Thanks for sharing your skills with us. I searched a lot to find a source to learn hacking and finally your blogs fulfilled it.
Do you have any option for online classes???
hello sir, according to most posts made here, looks to be working with linux OS. could this mean that Linux is the best in ethical hacking? if so, which version of linux is best as far as hacking is concerned?
it personal… but most pentesting OS out there are linux. you can use kali, parrot, backbox… you can lookup there website for the latest release.
Hi, thanks for posting interesting content, but it would be better if less metasploit is used in the tutorials, thanks.
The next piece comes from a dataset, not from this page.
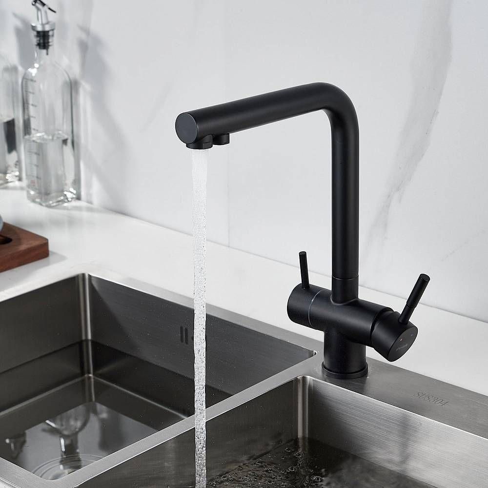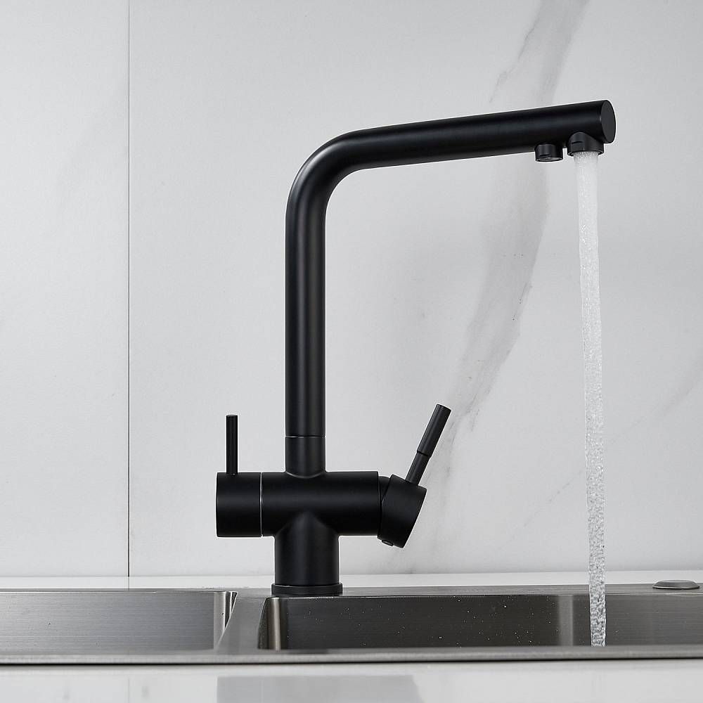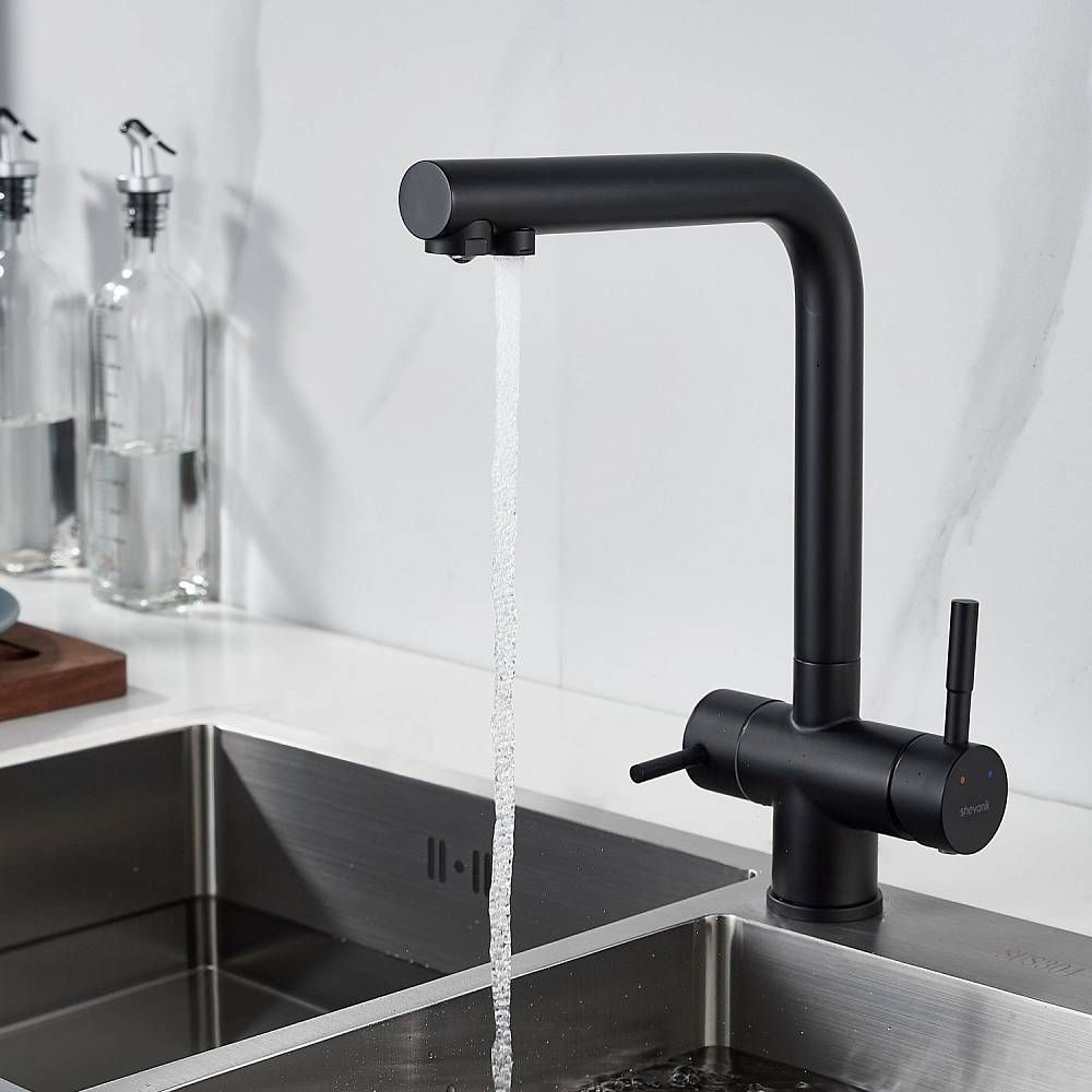 Смеситель для кухни Shevanik S468H с подключением фильтра чёрный купить

Hello raj..!!! How could I do a pentest to a cloud infrastructure (aws)?
Impressive content. This is absolutely a gold mine for the oscp enthusiasts.
Informative Website. Awesome platform for beginners and experienced Pentesters to sharpen their skills.
please categorise it under tags
hello raj i’m a silent reader here in your website and i have to say thank you to you because i’m now have a cybersecurity job
A lot of thanks to you for these blog. It’s very helpful for beginners. It would be more efficient if you create module & then serially organised these content..
@Raj, Hi Glad to see these articles. I must say these are very informative.
Just one thing, wanted to add…
If you can create a side bar with index and arrange the articles in such a way so that it will become easy for a beginner, who can start with basic topics and as moving ahead he/she may go with more advance writeups.
By doing so I think this blog will be more user friendly and helpful for learners. I can support you on this task voluntarily.